Proving $E^{x}[|B_s-B_t|^4]=n(n+2)|t-s|^2$

Question

Prove that:

$$E^{x}\left[ \left| B_{t}-B_{s}\right| ^{4}\right] =n\left( n+2\right) \left| t-s\right| ^{2},$$ where $B$ is a brownian motion.

Now there are two methods I have tried, but I am clearly missing something vital as my attempts are incorrect. Would someone please let me know where I am going wrong?

Attempt 1:

Useful equations:

$$E[B_t^2]=t,\ E[B_t^3]=0,\ E[B_t^4]=3t^2.$$

First idea, as the assumption that B being a brownian motion with mean(0) and variance(t or s)

$$(B_t-B_s)^4=-4 B_s^3 B_t+6 B_s^2 B_t^2-4 B_s B_t^3+B_s^4+B_t^4.$$

Now substituting the useful equations using I don't get the right answer, hence either my calculations are wrong or my assumptions,(understanding) is wrong.

Attempt 2:

Useful equations 2

$$E^x\left[(B_t-x)^2\right]=nt,\\ E^x\left[((B_t-x)(B_s-x))^2\right]=n·\min(s,t),\\ E^x\left[(B_t-B_s)^2\right]=n(t-s).$$

Mini question when stating min(s,t) I understand that it takes the min of (s,t) but if t and s represent time and t>s does that if both start at t=s=0 that $B_t$ being a vector has more elements in it then $B_s$?

$$\left((B_t-x)-(B_s-x)\right)^4.$$

Now expanding this out and using Useful equations 2 I still not get the right answer, hence I am doing something wrong with the calculations or my attempt in itself is flaud.

Would someone please take me through the steps?

Answer 1

It is an exercise of a book "Stochastic Differential Equations" by Øksendal, isn't it? I have also considered about it a couple of days. You seem to confuse 1-dimensional solution and n-dimensional solution.

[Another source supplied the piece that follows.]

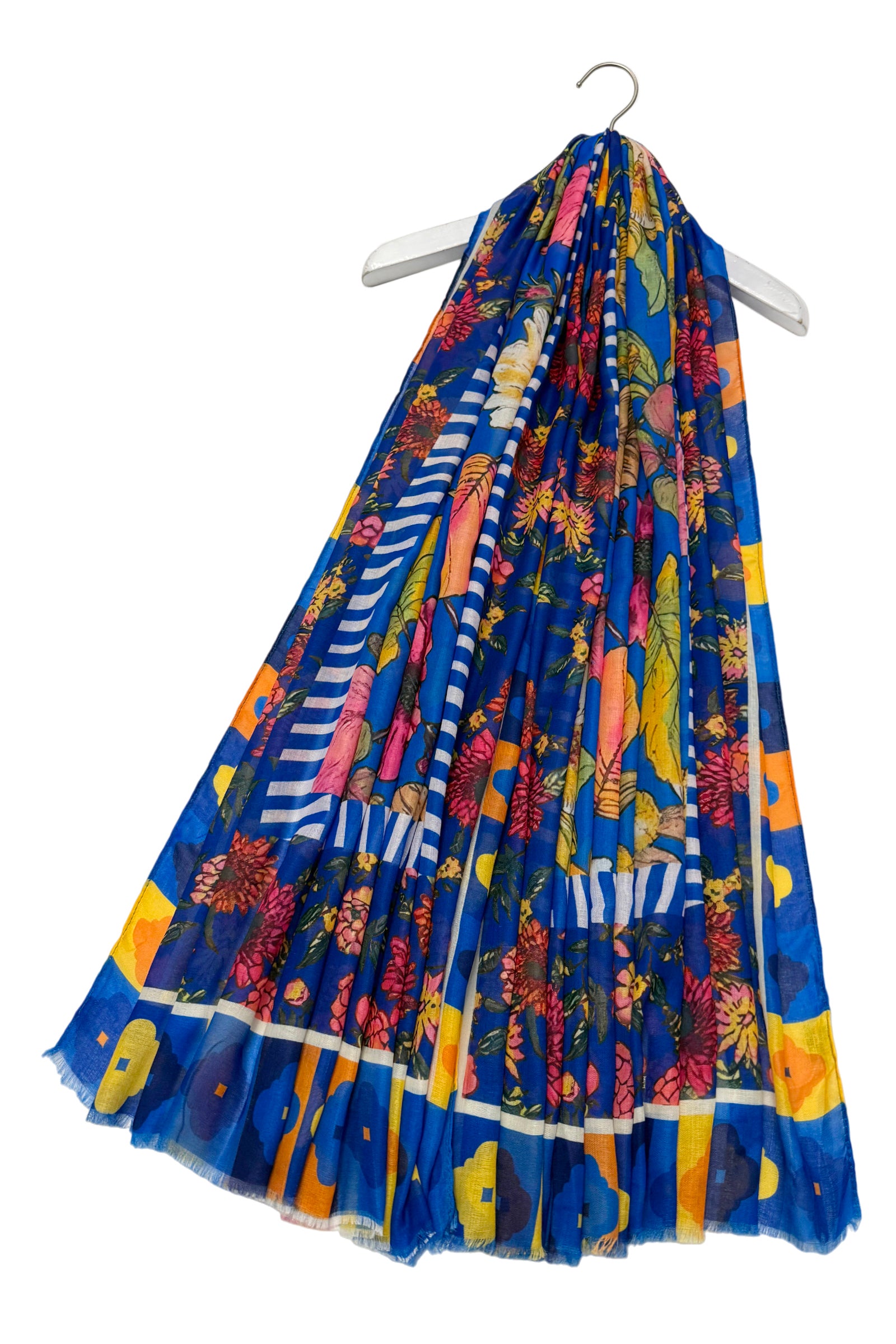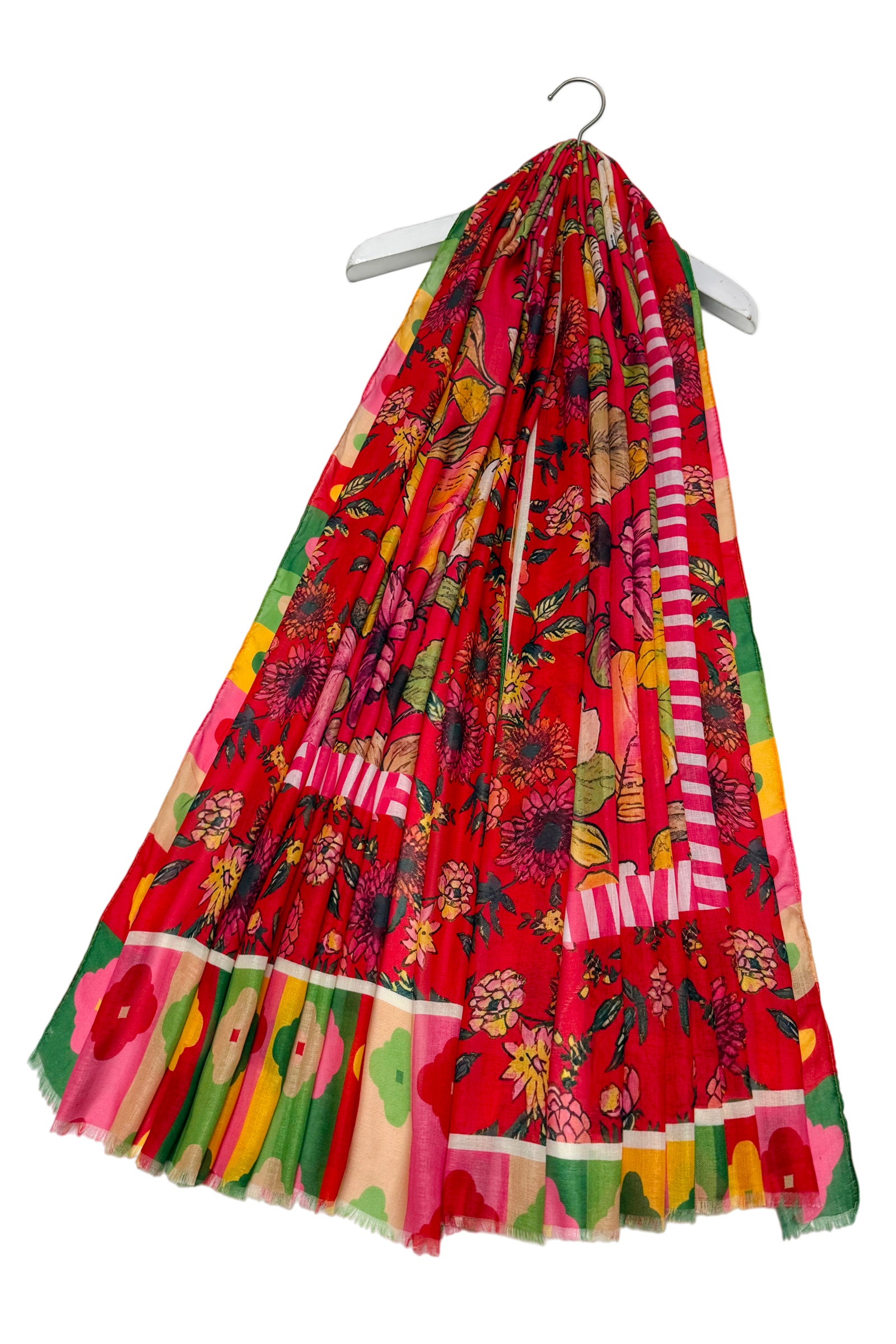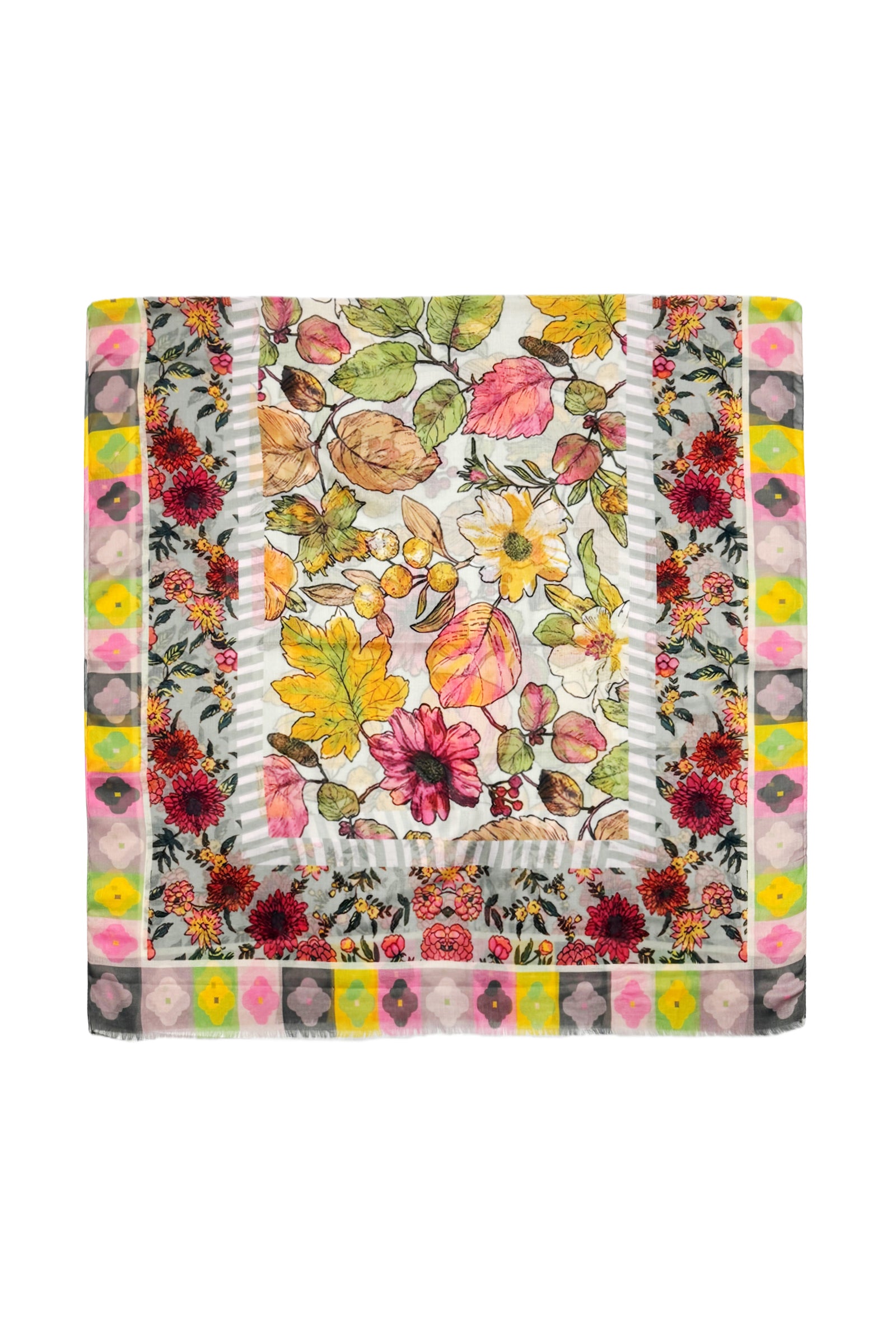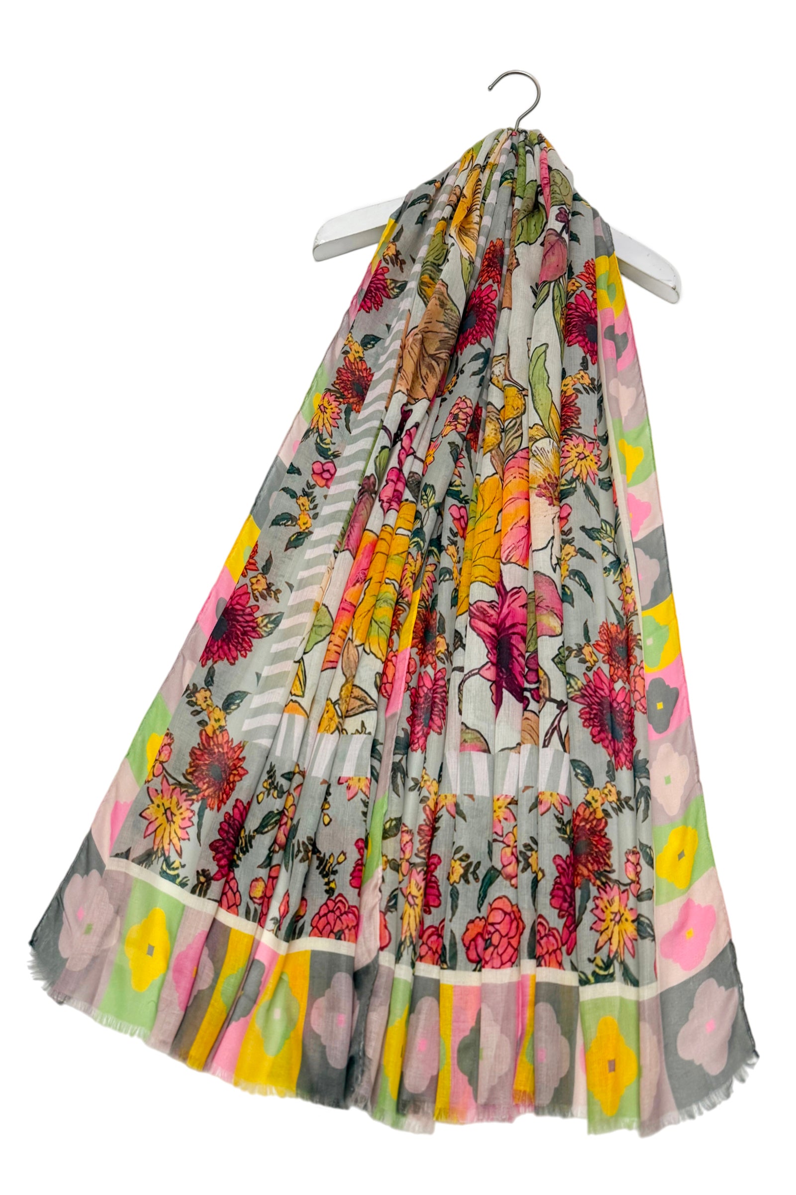 Vibrant Floral Border Print Frayed Scarf

In n-dimensional case, $ |B_{t}-B_{S}| $ is $$ |B_{t}-B_{S}|=\sqrt{\left(B_{t}^{(1)}-B_{s}^{(1)}\right)^{2}+\left(B_{t}^{(2)}-B_{s}^{(2)}\right)^{2}+\ldots+\left(B_{t}^{(n)}-B_{s}^{(n)}\right)^{2}} $$

where $ B_{t}^{(i)} $ and $ B_{s}^{(i)} $ are i-th elements of $ B_{t} $ and $ B_{s} $, respectively. Accordingly, $$ |B_{t}-B_{s}|^{4}=\left\{\left(B_{t}^{(1)}-B_{s}^{(1)}\right)^{2}+\left(B_{t}^{(2)}-B_{s}^{(2)}\right)^{2}+\ldots+\left(B_{t}^{(n)}-B_{s}^{(n)}\right)^{2}\right\}^{2} $$

Since elements of i and j are independent, the expectation with an initial location, x, is $$ E^{x}\left[|B_{t}-B_{s}|^{4}\right]=\sum_{i}^{n}E^{x}\left[\left(B_{t}^{(i)}-B_{s}^{(i)}\right)^{4}\right]+\sum_{i}^{n}E^{x}\left[\left(B_{t}^{(i)}-B_{s}^{(i)}\right)^{2}\right]\sum_{j\neq i}^{n}E^{x}\left[\left(B_{t}^{(j)}-B_{s}^{(j)}\right)^{2}\right] $$ $$ =n3(t-s)^{2}+n(t-s)(n-1)(t-s) $$ $$ =n(n+2)(t-s)^{2} $$

I am not a mathematician originally, therefore, this may include mistakes. It could be also helpful that some hints for exercises of Øksendal book are provided by http://www.quantsummaries.com/oksendal.pdf.

Answer 2

First you don't write gaussian brownian motion as brownian motion is a gaussian process. (See Oksendal's "Stochastic Differential Equations", chapter 2 section 2.) (Thx for having edited your question.)

Second, you seem to use a one-dimensional brownian motion so that your $n$ would be equal to $1$, which I assume from now.

Last, by definition of $B$ you know that $B_t - B_s$ (with $t \geq s$) has the law of a centered normal distribution with variance $t-s$. Up to a change of variables, calculating the expectation of $(B_t - B_s)^4$ amounts to calculate a sum of the form $\int_{\mathbf{R}} x^4 e^{-x^2 / 2} dx$. Integrating by parts four times and knowing the (well-known) value of $\int_{\mathbf{R}} e^{-x^2 / 2} dx$ will allow you to conclude.